Transport museum located at Brooklands, Weybridge, England

The London Bus Museum is a purpose-built transport museum, open daily to the public and located at Brooklands in Weybridge, England. Entry is on a joint basis with Brooklands Museum.

The museum is operated by the London Bus Preservation Trust and exhibits around thirty-five examples (from its forty+ collection) of London buses, coaches and ancillary vehicles covering 100 years of development of the bus in London including Victorian-era horse-drawn omnibuses, 1920s open-top buses, streamlined 1930s designs and through World War II to the mass-standardisation of the 1950s, the AEC Routemasters of the 1960s and the rear-engined buses of the 1970s.
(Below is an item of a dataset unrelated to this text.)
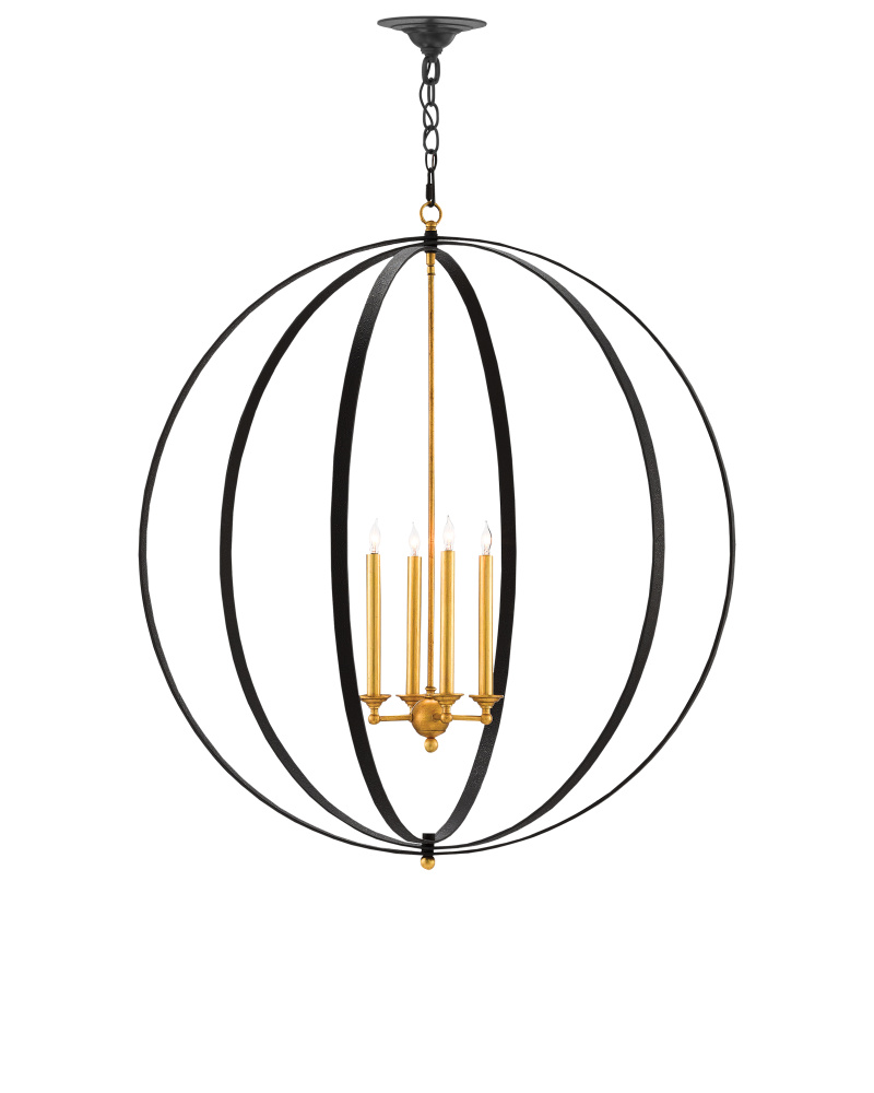 Taking time-honored shapes and turning them into ultramodern representations of their former profiles is a talent the design team at Currey & Company have proven time and time again. Case in point is the Ogden Orb Chandelier, which exhibits the globe shape for which traditional chandeliers are known but with such minimalistic lines, it becomes one of our most versatile fixtures. The intermingling of chinois antique gold leaf and black finishes adds an elegant touch to this chandelier.

The collection includes pre World War II AEC Regents, post-war AEC Regent III RTs and AEC Routemasters and the exhibits are arranged in an historical timeline, divided into galleries representing milestones in the development of the London bus, placing each artefact in its contemporary setting. The Museum's collection contains some unique exhibits, many of which have been fully restored by the volunteers, including prototypes of the AEC Regent III RT and the Routemaster and the only surviving World War II "utility" bus that ran in London.

==History==
The origins of the museum lie in the foundation of the London Bus Preservation Group (LBPG) in 1966, an association of individual owners of London buses who wished to pool their resources. Some members of that group had attempted to preserve old London buses as far back as 1952 but their first success came with the purchase in 1956 of a 1929 AEC Regal single-decker which had originated with the London General Omnibus Company and which is now generally recognised as the first bus to be privately preserved in the UK. In 1972, the LBPG acquired a former World War II aircraft factory, now demolished, near Cobham, Surrey, where the private Cobham Bus Museum was established, taking its name from the location.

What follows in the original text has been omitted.